#### [Description of the task]
What is needed is an exact repetition of the lines below, from the first one through the one holding "BATH DELUXE 28-114-01-64-00", with no pictures and nothing else.

Data records Block Start

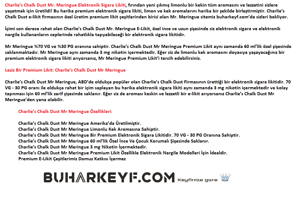 Charlies Chalk Dust - Mr Meringue (Limonlu Kek) 60 ML
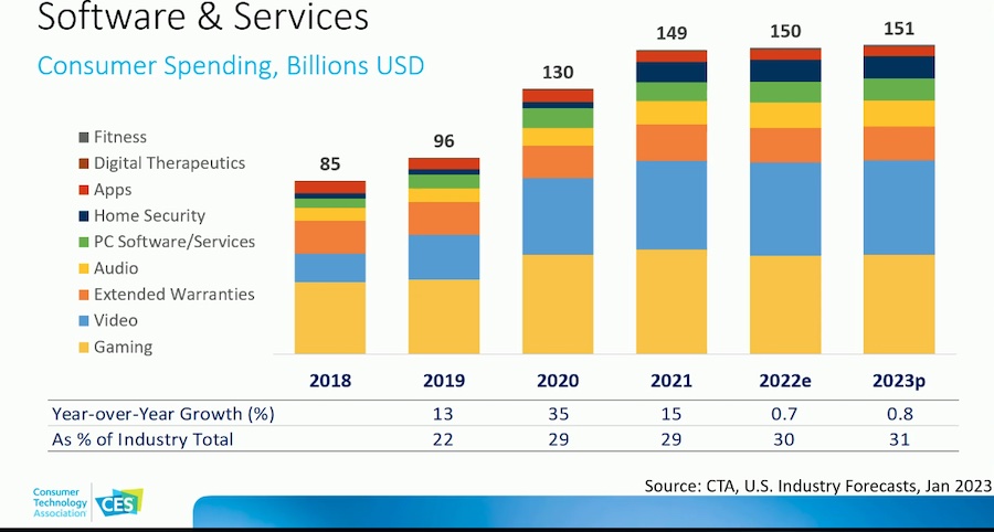 Entertainment hasn’t been in the CES spotlight since the heyday of DVD and Blu-ray Disc, but the rise of streaming — and the growth in ad-supported models — hasn’t gone unnoticed. At the Jan. 4 Tech Trends to Watch presentation, Melissa Harrison, VP of marketing and communications for CES producer the Consumer Technology Association (CTA), called out “the rise of ad-supported streaming” as a primary driver in a projected 4.2% uptick for 2026 in consumer spending on software and services.
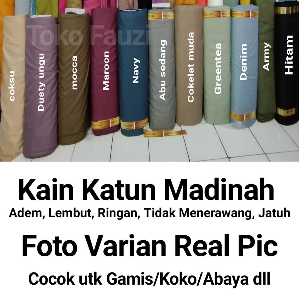 Hitam, Hijau Botol, Hijau Olive, Putih, Mocca, Coklat Tanah, Abu Sedang, Maroon, Kunyit Soft, Coksu, Dustypink, Hijau Army, Green Tea, Denim, Cokelat Muda, Navy/Dongker, Info Warna Dichat, Dusty ungu
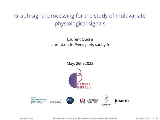 Biography — Laurent Oudre is currently a Full Professor at Centre Borelli of the Ecole Normale Supérieure Paris-Saclay. He leads a team of about ten young researchers and has been working for about fifteen years on signal processing, pattern recognition and machine learning for time series. His work covers a wide range of issues (event detection, feature extraction, unsupervised or semi-supervised approaches, representation learning and graph signal processing). His scientific projects are mainly focused on AI applications in health and industry, often with a strong interdisciplinary component. He is also involved in initiatives around reproducible research and acculturation to AI (especially for the medical community). He is the author of more than fifty patents and articles in international peer-reviewed journals and conferences.
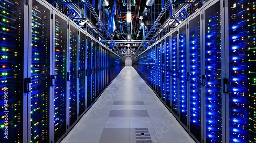 © julio, Fototapeta premium Server Room with Blue Lighted Racks
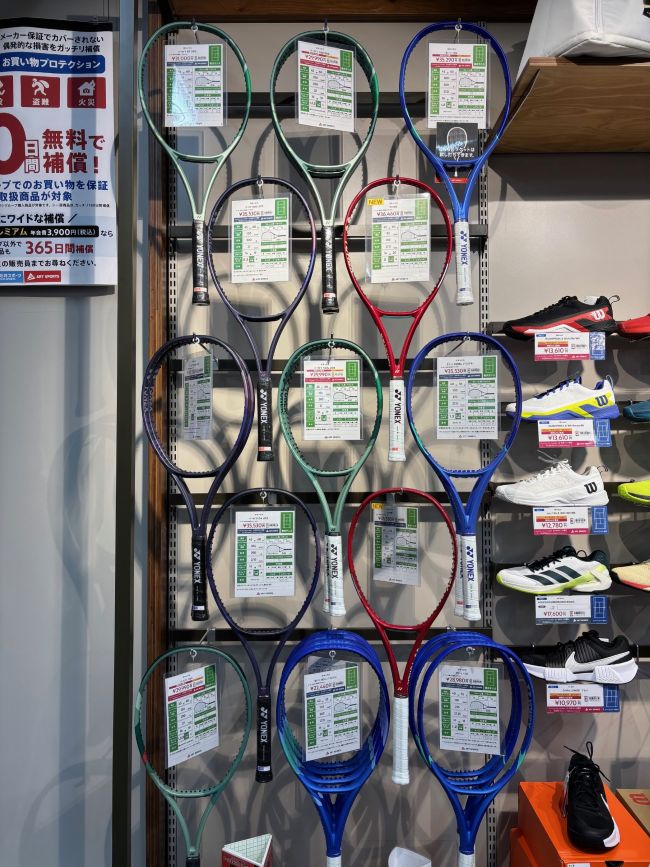 VCOREはスピン性能を求めてられている方にオススメなラケットですので、ご興味ご関心のある方は是非、お手に取ってみて下さい。試打ラケットもございます。ご来店お待ちしております。
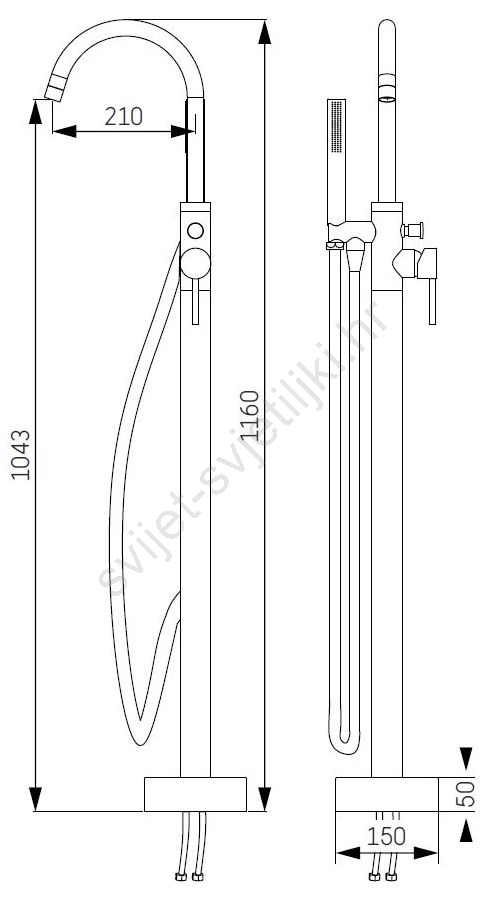 BATH DELUXE 28-114-01-64-00 - Samostojeći set za kadu s baterijom DRAGOR 116 cm sjajna mesing
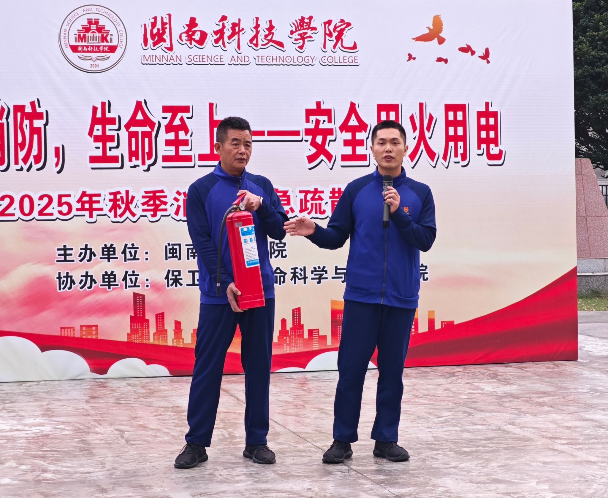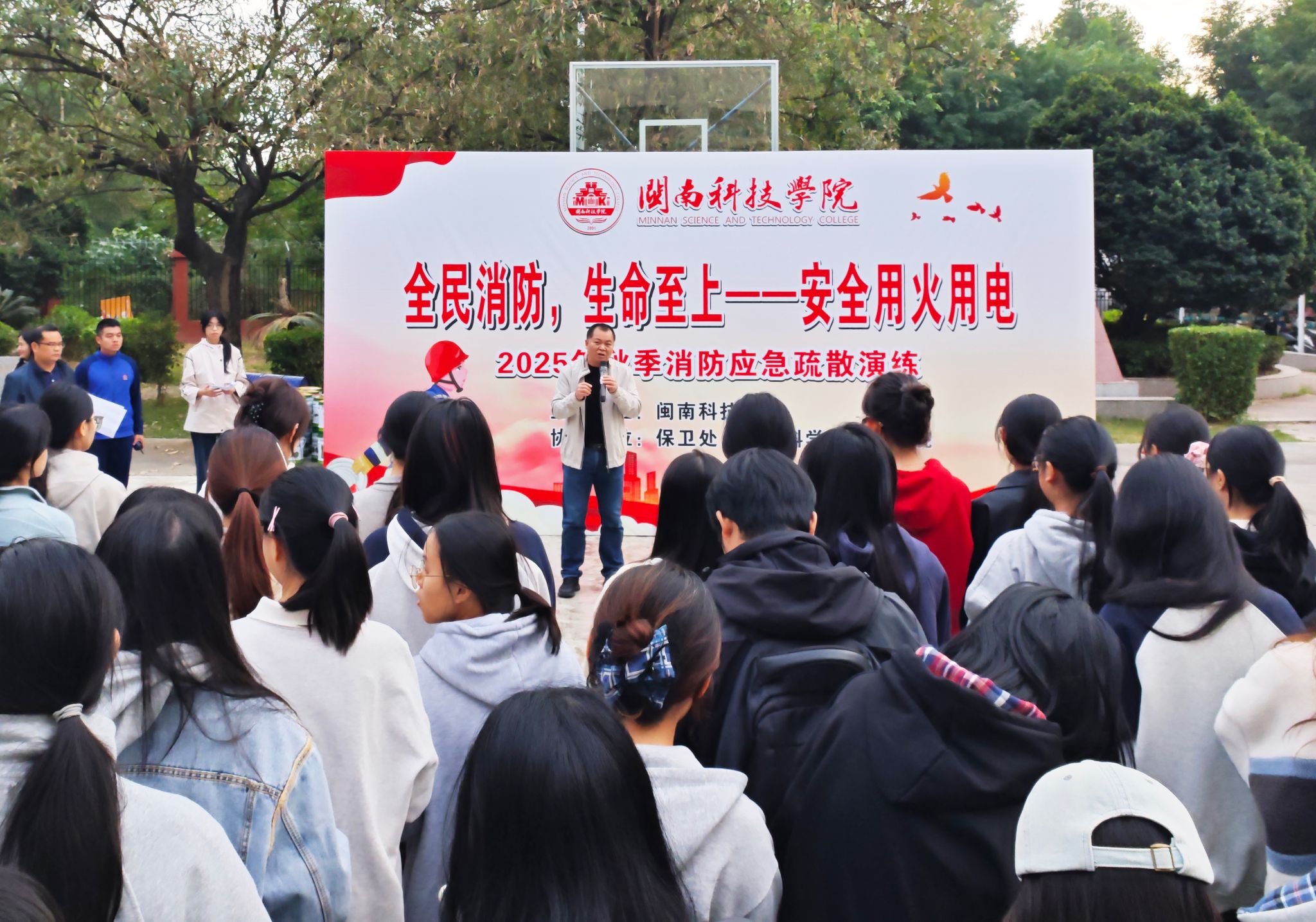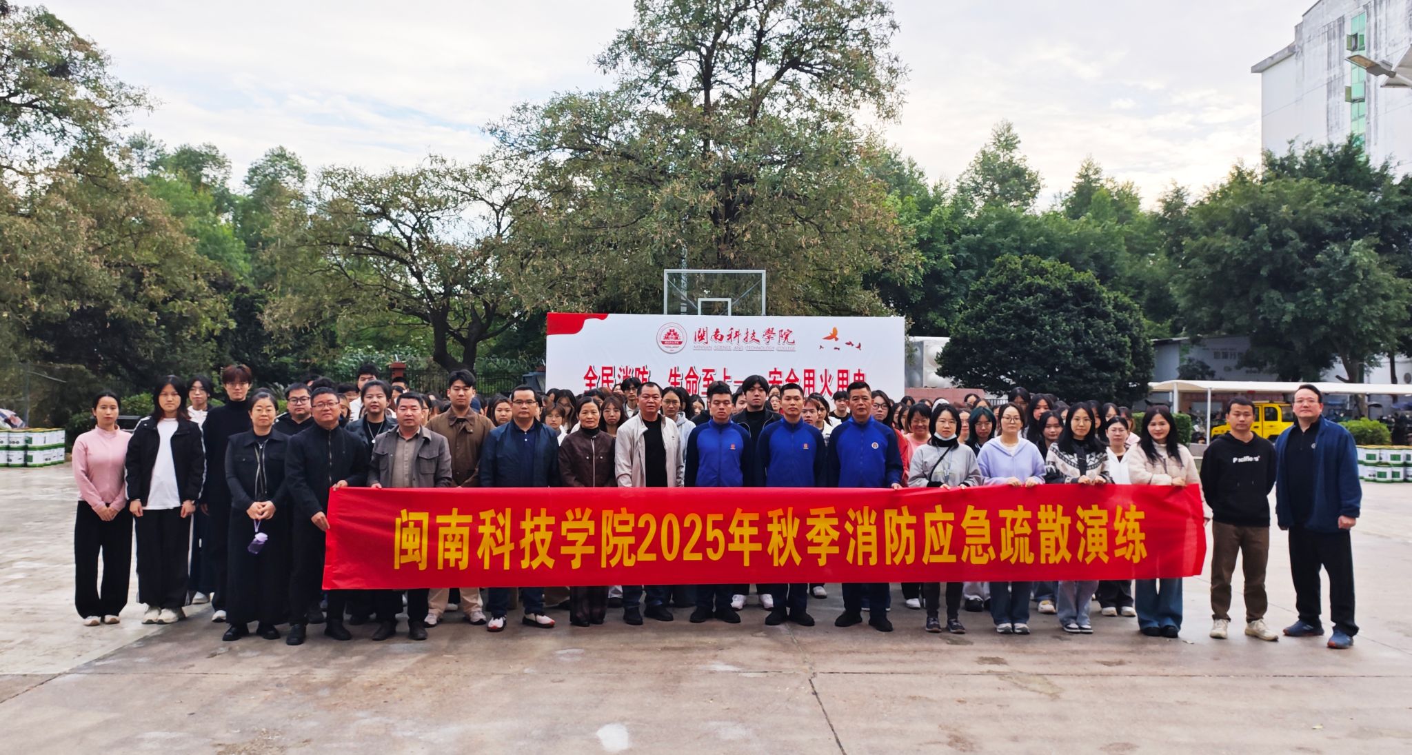 11月19日,开云唯一官网_开云(中国)联合南安市消防救援大队举办“119消防宣传月”逃生演练活动,校党委副书记林树生到场观摩指导,生命科学与化学学院、艺术设计学院师生,校学生纠察大队及全体保安等500余名人员参加活动。

Data records Block End

#### [Answer box]
 Charlies Chalk Dust - Mr Meringue (Limonlu Kek) 60 ML
 Entertainment hasn’t been in the CES spotlight since the heyday of DVD and Blu-ray Disc, but the rise of streaming — and the growth in ad-supported models — hasn’t gone unnoticed. At the Jan. 4 Tech Trends to Watch presentation, Melissa Harrison, VP of marketing and communications for CES producer the Consumer Technology Association (CTA), called out “the rise of ad-supported streaming” as a primary driver in a projected 4.2% uptick for 2026 in consumer spending on software and services.
 Hitam, Hijau Botol, Hijau Olive, Putih, Mocca, Coklat Tanah, Abu Sedang, Maroon, Kunyit Soft, Coksu, Dustypink, Hijau Army, Green Tea, Denim, Cokelat Muda, Navy/Dongker, Info Warna Dichat, Dusty ungu
 Biography — Laurent Oudre is currently a Full Professor at Centre Borelli of the Ecole Normale Supérieure Paris-Saclay. He leads a team of about ten young researchers and has been working for about fifteen years on signal processing, pattern recognition and machine learning for time series. His work covers a wide range of issues (event detection, feature extraction, unsupervised or semi-supervised approaches, representation learning and graph signal processing). His scientific projects are mainly focused on AI applications in health and industry, often with a strong interdisciplinary component. He is also involved in initiatives around reproducible research and acculturation to AI (especially for the medical community). He is the author of more than fifty patents and articles in international peer-reviewed journals and conferences.
 © julio, Fototapeta premium Server Room with Blue Lighted Racks
 VCOREはスピン性能を求めてられている方にオススメなラケットですので、ご興味ご関心のある方は是非、お手に取ってみて下さい。試打ラケットもございます。ご来店お待ちしております。
 BATH DELUXE 28-114-01-64-00 - Samostojeći set za kadu s baterijom DRAGOR 116 cm sjajna mesing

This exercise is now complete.